Definition
A METAR is a standardized, coded report of current weather conditions observed at an airport. It is issued routinely (typically once per hour) and includes wind, visibility, weather phenomena, sky condition, temperature, dew point, and altimeter setting. Special updates issued between routine reports when conditions change significantly are called SPECIs, but they use the same coded format.
Plain English
A short, coded weather report that tells pilots what the weather is doing right now at a specific airport. New ones are issued about every hour, with extra ones added if the weather changes suddenly.
Context Anchor
Pilots see METARs during preflight weather briefings, on aviation weather websites, in flight planning tools, and sometimes in cockpit weather displays.
Derivation
METAR comes from the French phrase MÉTéorologique Aviation Régulière, meaning 'routine aviation weather.' It is an international standard format, which is why pilots see the same style of report whether flying in the U.S., Europe, or elsewhere.
Why Pilots Care
METARs give pilots the real-time conditions they need to decide if a flight can be conducted safely under visual or instrument rules.
Analogy
A METAR is like a snapshot of the weather at an airport.

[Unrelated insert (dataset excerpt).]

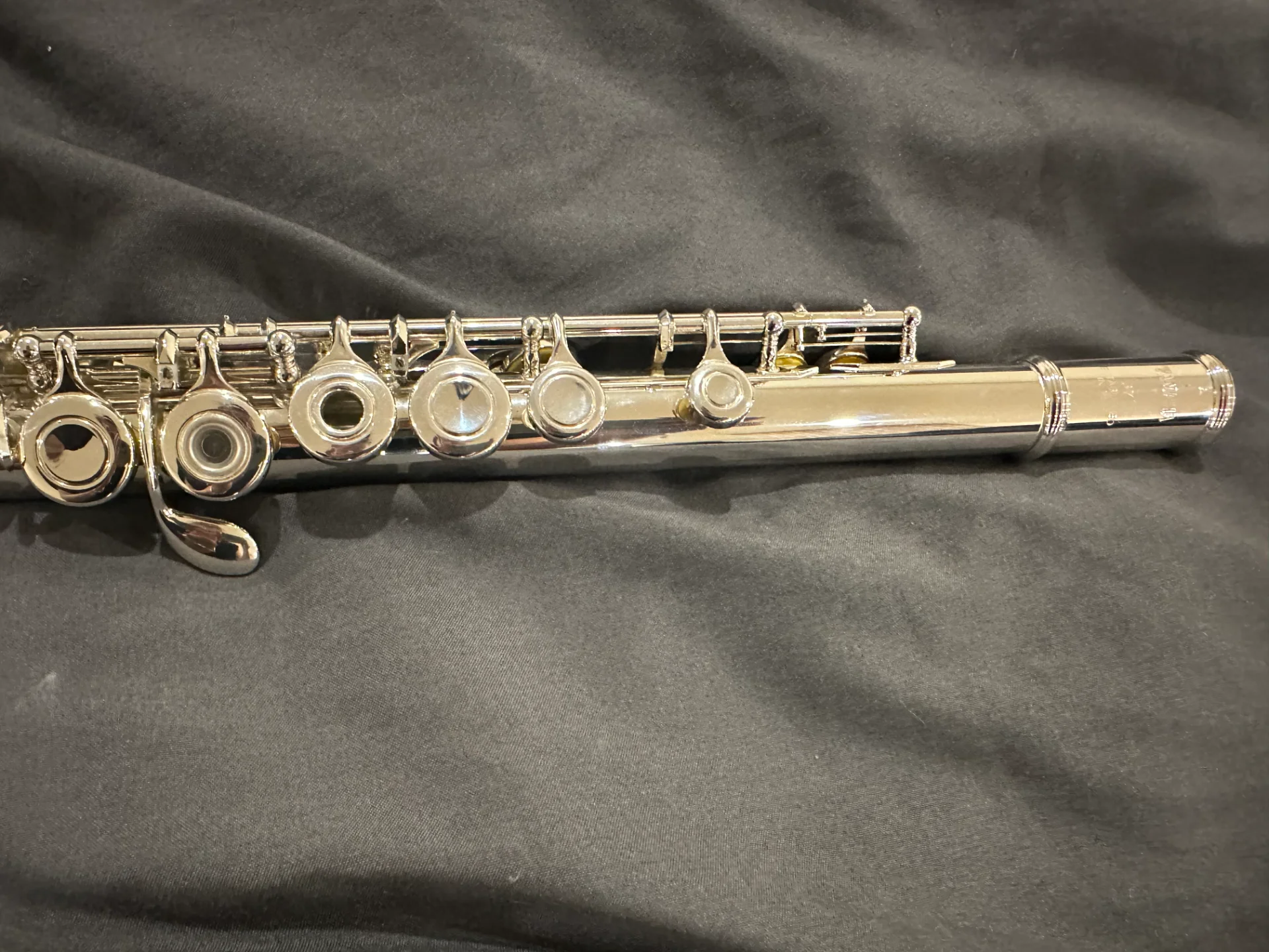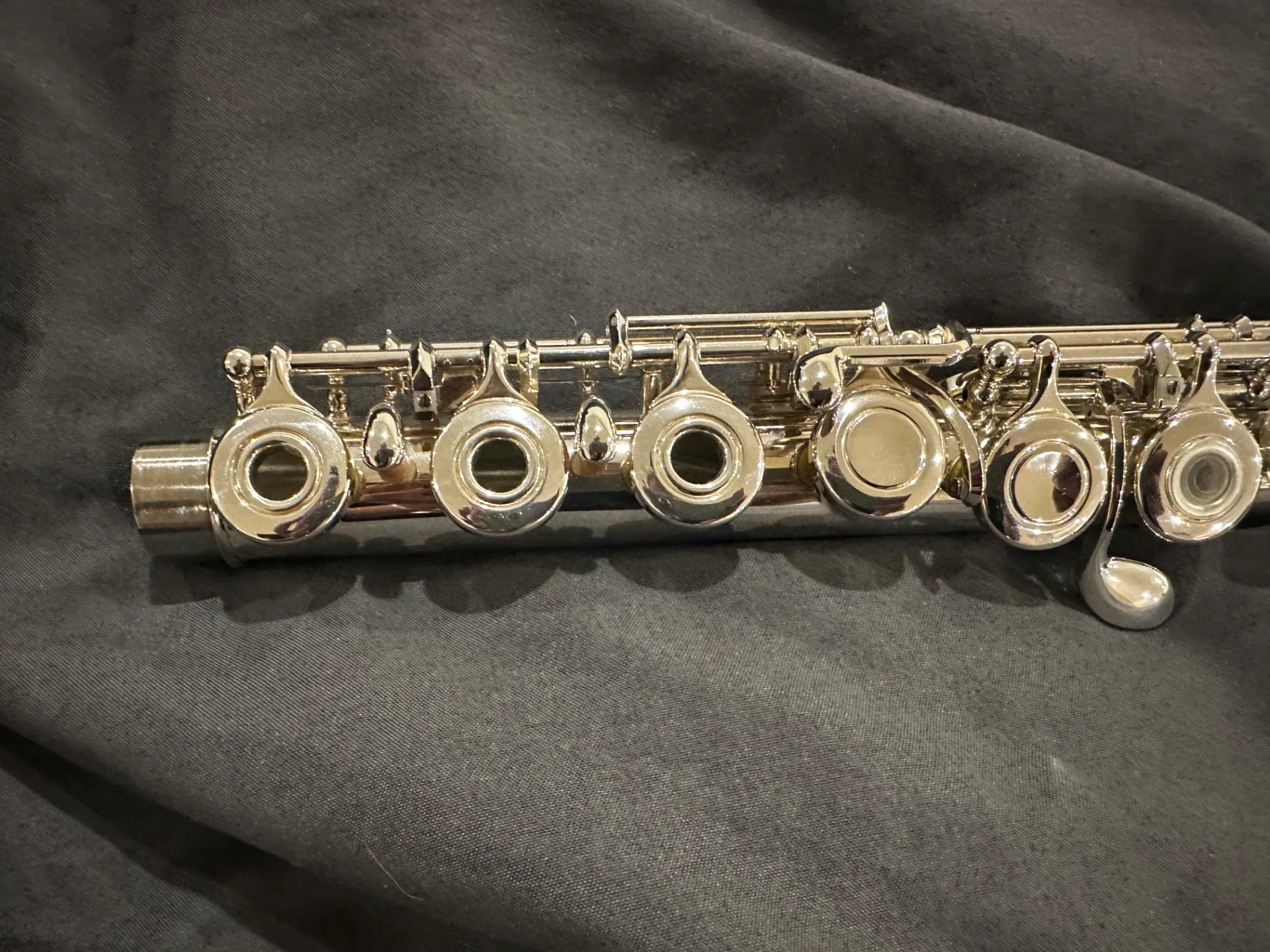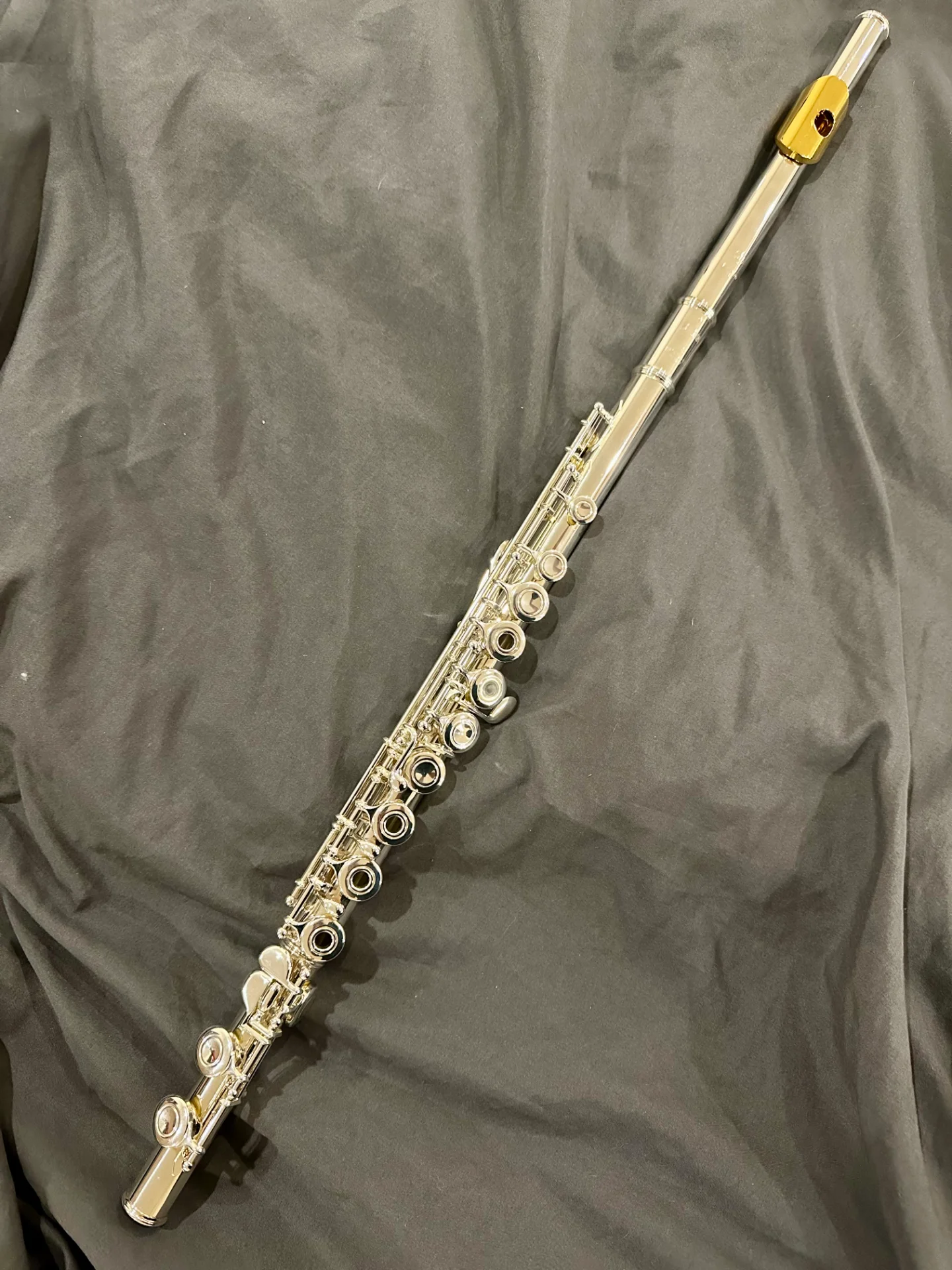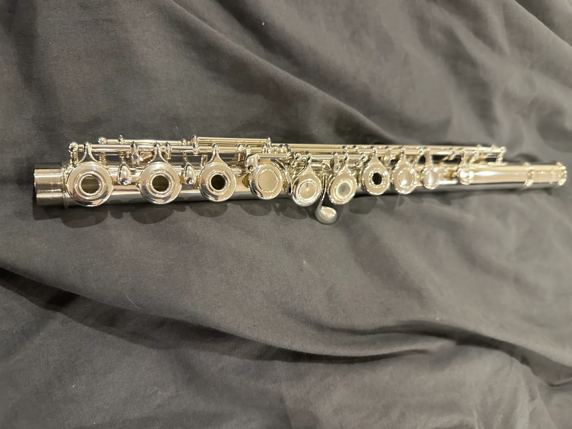 Die Flöte ist ca. 13 Jahre alt, befindet sich jedoch in einem sehr guten gepflegten Zustand und wurde stets sorgfältig behandelt.

It does not tell you what will happen later; it tells you what was observed at the reporting time.
Intuition Check
Do not treat a METAR as a forecast. A METAR reports observed weather conditions; a forecast describes expected future weather.
Example Sentence 1
Before takeoff, the pilot pulled up the latest METAR for the destination airport to check the wind and visibility.
Example Sentence 2
Hourly METARs are issued automatically at most airports and updated immediately when weather changes significantly.